The tumble in global equities prompted a widespread flight to safety, with US government bonds rising and safe-haven currencies – the yen and Swiss franc – surging.

DeepSeek, which overtook rival ChatGPT to become the top-rated free application on Apple’s App Store in the US, says it uses lower-cost chips and less data, challenging a bet in markets that AI will drive demand along a supply chain from chipmakers to data centers.

The CBOE Volatility Index, known as Wall Street’s fear gauge, jumped 20 per cent.

In Europe, the pan-European STOXX 600 index was little changed, but the STOXX Europe 600 technology index fell more than 3 per cent, its biggest one-day drop since mid-October. MSCI’s gauge of stocks across the globe fell about 1 per cent.

US Treasury yields tumbled to multi-week lows, tracking steep declines in equities, as investors sought the safety of government bonds.

The benchmark US 10-year yield dropped 9.1 basis points to 4.532 per cent. That pushed the dollar lower, with safe-haven currencies as the main beneficiaries.

The dollar fell nearly 1 per cent against the yen and 0.4 per cent against the Swiss franc, two currencies that often gain during periods of market unease.

The dollar index, which measures how the US currency trades versus a basket of peers, declined 0.3 per cent, around its lowest level since Dec. 18.

US import tariffs remain a key theme, with President Donald Trump so far refraining from implementing broad trade levies.

China, Mexico and Canada are facing a nervy wait after Trump last week earmarked Feb. 1 for additional tariffs on top trading

partners.

The dollar also rose 0.4 per cent against the Colombian peso after a short-lived spat over deportations. On Sunday, Trump threatened Colombia with tariffs and sanctions to punish it for refusing to accept military flights carrying deportees, but Colombia later said it would accept repatriation flights and the U.S. sanctions threat was put on hold.

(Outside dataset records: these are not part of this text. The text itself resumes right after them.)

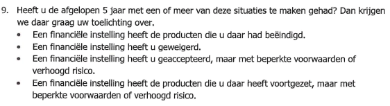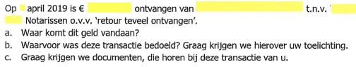 Het is hoogst merkwaardig dat een bank vragen stelt over geldverkeer met een notaris, die zelf onder de Wwft valt. Om aan een gepensioneerde consument vragen te stellen over ‘geldstromen’ in de toekomst, is al helemaal vreemd. Als een bank een jaar na het aangaan vragen stelt als hierboven vermeld, geeft de bank daarmee aan het inleidend cliëntenonderzoek niet goed te hebben verricht.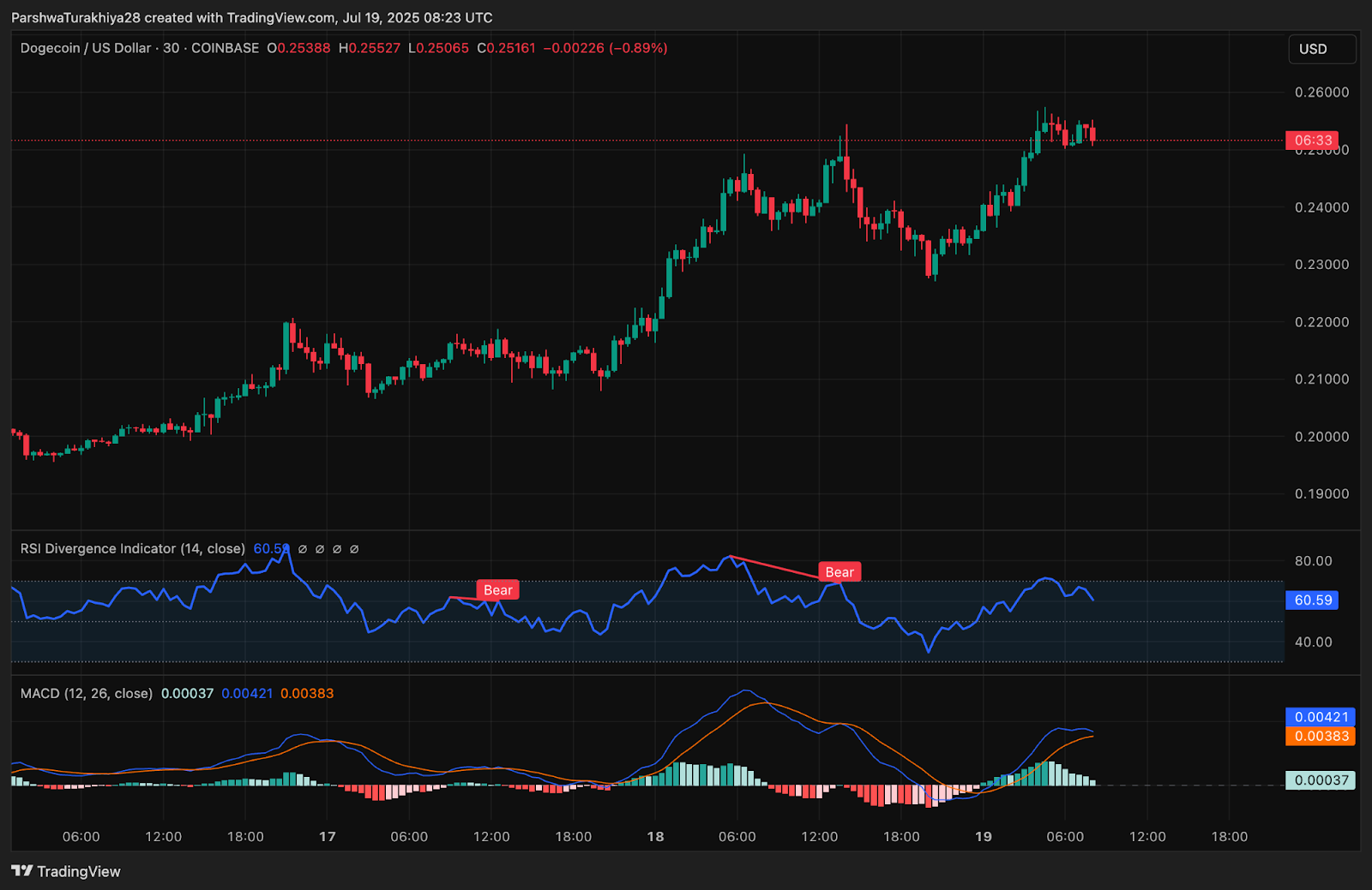 | Цена Dogecoin сегодня | $0.251 |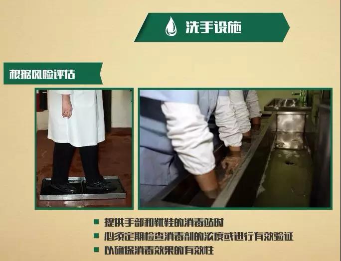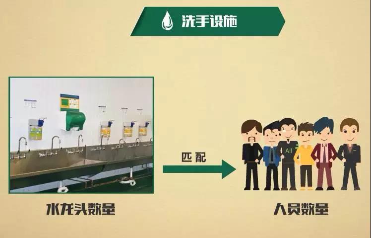 在生产区域的入口处、卫生间以及其它适当地点安装洗手设施,提供免手开龙头、适宜水温、洗手液、一次性纸巾或干手器等。

Monday’s market volatility kicks off a busy week in which both the US Federal Reserve and the European Central Bank meet to set interest rates.

“The Fed is likely to keep rates steady, and markets have embraced our view of higher-for-longer rates,” BlackRock Investment Institute strategists wrote in a note on Monday.

“We think the ECB has more room for further cuts,” they added. “Yet like in the US, we see structural constraints keeping inflation and rates higher than pre-pandemic.”

Oil prices fell about 2 per cent on Monday as the deal with Colombia reduced immediate concern over oil supply disruptions.

Gold prices declined more than 1 per cent, retreating from near-record highs seen in the last session, as investors liquidated bullion positions, along with a broader market sell-off sparked by DeepSeek.

Leading cryptocurrency bitcoin slumped 3.5 per cent, dropping below $100,000 for the first time in a week before rebounding to $101,455.